66 Andromedae

Observation data Epoch J2000 Equinox ICRS
- Constellation: Andromeda
- Right ascension: 02^{h} 27^{m} 51.77808^{s}
- Declination: +50° 34′ 11.9069″
- Apparent magnitude (V): 6.16 (7.26/7.46)

Characteristics
- Spectral type: F4 V
- B−V color index: 0.435 (4.2/4.5)

Astrometry
- Radial velocity (R_{v}): −5.3±4.3 km/s
- Proper motion (μ): RA: +31.719 mas/yr Dec.: −90.246 mas/yr
- Parallax (π): 18.4347±0.0307 mas
- Distance: 176.9 ± 0.3 ly (54.25 ± 0.09 pc)
- Absolute magnitude (M_{V}): 3.1±0.1/3.4±0.1

Orbit
- Period (P): 10.989861±0.000024 d
- Semi-major axis (a): ≥ 6.9 Gm (9.9 R_{☉})
- Eccentricity (e): 0.19236±0.00057
- Periastron epoch (T): 2,454,007.675±0.006 JD
- Argument of periastron (ω) (secondary): 250.55±0.18°
- Semi-amplitude (K_{1}) (primary): 46.719±0.034 km/s
- Semi-amplitude (K_{2}) (secondary): 48.083±0.038 km/s

Details

66 And A
- Mass: 1.38 M_{☉}
- Radius: 1.7±0.1 R_{☉}
- Luminosity: 4.9±0.5 L_{☉}
- Surface gravity (log g): 4.21 cgs
- Temperature: 6,627±225 K
- Metallicity [Fe/H]: −0.14±0.08 dex
- Rotational velocity (v sin i): 4.2±1.0 km/s
- Age: 1.273 Gyr

66 And B
- Radius: 1.5±0.1 R_{☉}
- Luminosity: 3.8±0.4 L_{☉}
- Rotational velocity (v sin i): 4.4±1.0 km/s
- Other designations: 66 And, BD+49°666, HD 15138, HIP 11465, HR 709, SAO 23353, PPM 27645

Database references
- SIMBAD: data

= 66 Andromedae =

Binary star system in the constellation Andromeda

66 Andromedae is a binary star system in the northern constellation of Andromeda, near the northern border with Perseus. The designation is from the star catalogue of English astronomer John Flamsteed, first published in 1712. It has a combined apparent magnitude of 6.16, which is near the lower limit of stars that are visible to the naked eye under good seeing conditions. An annual parallax shift of 18.43 mas provides a distance estimate of 176.9 light years. The net radial velocity of the system is poorly constrained, but the pair appear to be moving closer to the Earth with a heliocentric radial velocity of around −5 km/s.

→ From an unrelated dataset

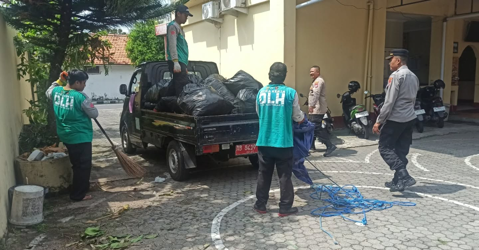 Anggota Polsek Pakualaman bersama Dinas Lingkungan Hidup (DLH) Kota Yogyakarta melaksanakan kerja bakti membersihkan lingkungan Mako Polsek Pakualaman pada Rabu pagi (19/11/2025).Kapolsek Pakualaman Polresta Yogyakarta AKP Margono, S.H., M.A.P. menyampaikan bahwa kegiatan ini merupakan wujud kepedulian terhadap kebersihan lingkungan agar suasana kerja menjadi lebih nyaman dan sehat.

The variable velocity of this system was reported by Reynold K. Young from the David Dunlap Observatory in 1945. This is a double-lined spectroscopic binary system with an orbital period of 11 days and an eccentricity of 0.19. The two components are similar stars, each of 7th magnitude, with a combined stellar classification of F4 V, matching that of an F-type main sequence star. The system is around 1.3 billion years old and both stars are spinning slowly with a projected rotational velocity of around 4–5 km/s.